I can use regex, but am not able to find out a regex pattern for
extended character. Any hints?
For example, if the file content is: sample, then the Perl code prints
false; and if the file content is samplé, then the Perl code prints
true.
Thanks.
[Interpreting 'extended' as non-ASCII]
You could simply use the POSIX character class [:ASCII:]
Another way would be to check for each character, if its ord() is less
than 128. That should work at least for the most common encodings like
ISO-Latin-1, Windows-1252, ...
Or: [untested]
if (/^[A-Za-z]*$/) {
print 'false';
} else {
print 'true';
}
You could probably also set your locale to EN-US and use
if (/\W/) {
print 'true';
} else {
print 'false';
}
All of these do somewhat different things, so you have some options to
choose the one that most closely matches your needs.
jue
$string =~ m/[^\w]/ ? print "\nhas extended." : print "\nOK.";
should do the trick.
This prints "has extended" if $string contains any characters other
([^...]) then 'a' to 'z', 'A' to 'Z', '0' to '9' plus '_' (the \w
character class).
If you want to exclude the '_' (contained in \w), use [^a-zA-Z0-9]

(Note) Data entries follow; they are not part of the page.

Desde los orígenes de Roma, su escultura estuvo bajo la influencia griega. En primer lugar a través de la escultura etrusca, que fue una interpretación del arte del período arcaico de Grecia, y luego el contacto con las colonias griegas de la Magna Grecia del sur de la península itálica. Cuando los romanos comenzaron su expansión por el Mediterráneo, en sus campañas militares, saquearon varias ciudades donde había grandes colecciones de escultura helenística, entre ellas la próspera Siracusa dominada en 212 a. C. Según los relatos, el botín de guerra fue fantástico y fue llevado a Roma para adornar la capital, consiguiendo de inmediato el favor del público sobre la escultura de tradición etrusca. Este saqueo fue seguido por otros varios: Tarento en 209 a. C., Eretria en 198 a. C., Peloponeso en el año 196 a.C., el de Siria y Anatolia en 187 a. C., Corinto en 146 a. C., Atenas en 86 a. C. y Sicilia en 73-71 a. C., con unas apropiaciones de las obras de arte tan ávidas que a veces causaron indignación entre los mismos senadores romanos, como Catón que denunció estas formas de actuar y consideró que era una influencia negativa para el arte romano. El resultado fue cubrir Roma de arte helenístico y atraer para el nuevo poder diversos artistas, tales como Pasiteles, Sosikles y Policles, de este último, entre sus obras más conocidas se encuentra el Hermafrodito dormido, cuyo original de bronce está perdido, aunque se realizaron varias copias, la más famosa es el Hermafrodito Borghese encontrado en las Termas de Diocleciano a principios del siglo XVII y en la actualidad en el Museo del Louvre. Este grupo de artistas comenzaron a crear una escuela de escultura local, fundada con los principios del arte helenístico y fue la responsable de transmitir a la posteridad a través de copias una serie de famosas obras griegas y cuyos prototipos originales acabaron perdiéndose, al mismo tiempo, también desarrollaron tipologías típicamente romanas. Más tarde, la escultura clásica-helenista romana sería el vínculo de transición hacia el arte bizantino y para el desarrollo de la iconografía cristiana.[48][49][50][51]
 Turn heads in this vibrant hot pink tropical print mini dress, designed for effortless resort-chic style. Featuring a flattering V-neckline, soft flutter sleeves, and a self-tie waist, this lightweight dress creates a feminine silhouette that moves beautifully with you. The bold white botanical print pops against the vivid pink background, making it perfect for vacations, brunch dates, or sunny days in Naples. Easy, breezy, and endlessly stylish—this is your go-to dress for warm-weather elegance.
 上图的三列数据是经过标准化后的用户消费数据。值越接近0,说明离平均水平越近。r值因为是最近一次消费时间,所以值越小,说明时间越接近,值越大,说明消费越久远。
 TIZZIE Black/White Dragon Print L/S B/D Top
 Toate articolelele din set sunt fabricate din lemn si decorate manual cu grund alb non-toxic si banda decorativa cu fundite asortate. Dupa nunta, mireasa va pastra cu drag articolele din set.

If you want to include more "valid" characters, expand the [^...]
accordingly (note: if you want to inlcude '-' as valid character, put it
at the very end of the characters list).
See
perldoc perlre
perldoc perlrequick
perldoc perlreref
perldoc perlretut
hth, Hartmut
--
------------------------------------------------
Hartmut Camphausen h.camp[bei]textix[punkt]de
[^\w] is usually written as \W.
> should do the trick.
>
> This prints "has extended" if $string contains any characters other
> ([^...]) then 'a' to 'z', 'A' to 'Z', '0' to '9' plus '_' (the \w
> character class).
From perlre.pod:
<QUOTE>
If "use locale" is in effect, the list of alphabetic characters
generated by "\w" is taken from the current locale. See perllocale.
</QUOTE>
In other words, if your locale supports it then 'é' will be included in \w.

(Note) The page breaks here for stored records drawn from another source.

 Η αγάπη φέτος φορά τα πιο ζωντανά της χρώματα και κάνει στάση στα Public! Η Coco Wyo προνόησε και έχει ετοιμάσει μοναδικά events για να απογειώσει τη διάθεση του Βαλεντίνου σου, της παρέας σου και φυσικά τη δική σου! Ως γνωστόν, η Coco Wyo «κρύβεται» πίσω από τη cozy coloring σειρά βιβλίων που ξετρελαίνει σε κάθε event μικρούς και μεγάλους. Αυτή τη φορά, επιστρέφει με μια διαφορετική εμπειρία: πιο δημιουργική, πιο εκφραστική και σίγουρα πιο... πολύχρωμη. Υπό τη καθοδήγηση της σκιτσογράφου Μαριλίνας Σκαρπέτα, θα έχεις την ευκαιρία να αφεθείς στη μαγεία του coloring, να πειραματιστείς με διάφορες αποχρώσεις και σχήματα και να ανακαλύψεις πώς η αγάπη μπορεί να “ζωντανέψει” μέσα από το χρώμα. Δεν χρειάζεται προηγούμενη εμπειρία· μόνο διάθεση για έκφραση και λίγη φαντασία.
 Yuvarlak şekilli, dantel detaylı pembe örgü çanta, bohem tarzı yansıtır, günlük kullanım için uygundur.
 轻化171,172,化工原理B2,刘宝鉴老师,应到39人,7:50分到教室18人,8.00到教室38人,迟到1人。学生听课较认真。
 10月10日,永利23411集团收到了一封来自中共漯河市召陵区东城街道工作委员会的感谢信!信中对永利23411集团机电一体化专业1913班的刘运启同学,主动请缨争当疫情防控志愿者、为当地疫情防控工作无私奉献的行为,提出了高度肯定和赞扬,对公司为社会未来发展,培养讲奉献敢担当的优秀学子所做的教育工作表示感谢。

> If you want to exclude the '_' (contained in \w), use [^a-zA-Z0-9]
[^a-zA-Z0-9] means any character that is *not* alphanumeric. You
probably meant [a-zA-Z0-9].
John
--
Perl isn't a toolbox, but a small machine shop where you
can special-order certain sorts of tools at low cost and
in short order. -- Larry Wall
> Hartmut Camphausen wrote:
>>
>> $string =~ m/[^\w]/ ? print "\nhas extended." : print "\nOK.";
>
> [^\w] is usually written as \W.
Helmut mentioned that one could add more characters to the ^\w in the
following part of his post, which may explain why he chose this method rather
than using \W.
>> This prints "has extended" if $string contains any characters other
>> ([^...]) then 'a' to 'z', 'A' to 'Z', '0' to '9' plus '_' (the \w
>> character class).
>
> From perlre.pod:
>
> <QUOTE>
> If "use locale" is in effect, the list of alphabetic characters
> generated by "\w" is taken from the current locale. See perllocale.
> </QUOTE>
>
> In other words, if your locale supports it then 'é' will be included in
> \w.
Or if you use Unicode:
#!/usr/bin/perl
use warnings;
use strict;
use Unicode::UCD 'charinfo';
sub count_match
{
my ($re)=@_;
my $c;
for my $n (0x00 .. 0xD7FF, 0xE000 .. 0xFDCF, 0xFDF0.. 0xFFFD) {
if (chr($n) =~ /$re/) {
my $ci = charinfo($n);
# print sprintf ('%02X', $n), " which is ", $$ci{name}, " matches\n";
$c++;
}
}
print "There are $c characters matching \"$re\".\n";
}
count_match('\w');
Uncommenting the "print" statement will produce a lot of output.
>> If you want to exclude the '_' (contained in \w), use [^a-zA-Z0-9]
>
> [^a-zA-Z0-9] means any character that is *not* alphanumeric. You
> probably meant [a-zA-Z0-9].
I think he meant what he said, [^\w] matches _ but [^a-zA-Z0-9] doesn't.
>>> If you want to exclude the '_' (contained in \w), use [^a-zA-Z0-9]
>>
>> [^a-zA-Z0-9] means any character that is *not* alphanumeric. You
>> probably meant [a-zA-Z0-9].
>
> I think he meant what he said, [^\w] matches _ but [^a-zA-Z0-9] doesn't.
Sorry, I meant to say "[^\w] doesn't match _, but [^a-zA-Z0-9] does."
> > $string =~ m/[^\w]/ ? print "\nhas extended." : print "\nOK.";
>
> [^\w] is usually written as \W.
You are right. But I chose this notation to make it easy to expand the
list of characters not to match on (Ben B., your crystal ball worked
well :-)
> From perlre.pod:
>
> <QUOTE>
> If "use locale" is in effect, the list of alphabetic characters
> generated by "\w" is taken from the current locale. See perllocale.
> </QUOTE>
>
> In other words, if your locale supports it then 'é' will be included in \w.
Arrgh. Right again. Well, I never 'use locale'... and so didn't even
think of it.
I'll consider this in my future posts (hopefully).
> > If you want to exclude the '_' (contained in \w), use [^a-zA-Z0-9]
>
> [^a-zA-Z0-9] means any character that is *not* alphanumeric. You
> probably meant [a-zA-Z0-9].
Not quite.
Maybe the term 'exclude' is a bit misleading; I wanted to say 'exlude
from list of characters NOT to match on'. That is, [^\w] won't match on
'_', while [^a-zA-Z0-9] will, making '_' an 'extended' charakter.
Thanks for your hints anyway.
mfg, Hartmut
> I have a file which contains just one word. My task is just to find
> out if the word has any extended character. Thats all.
Define "extended character". Any character sorted after "\x7F" maybe?
--
Affijn, Ruud
"Gewoon is een tijger."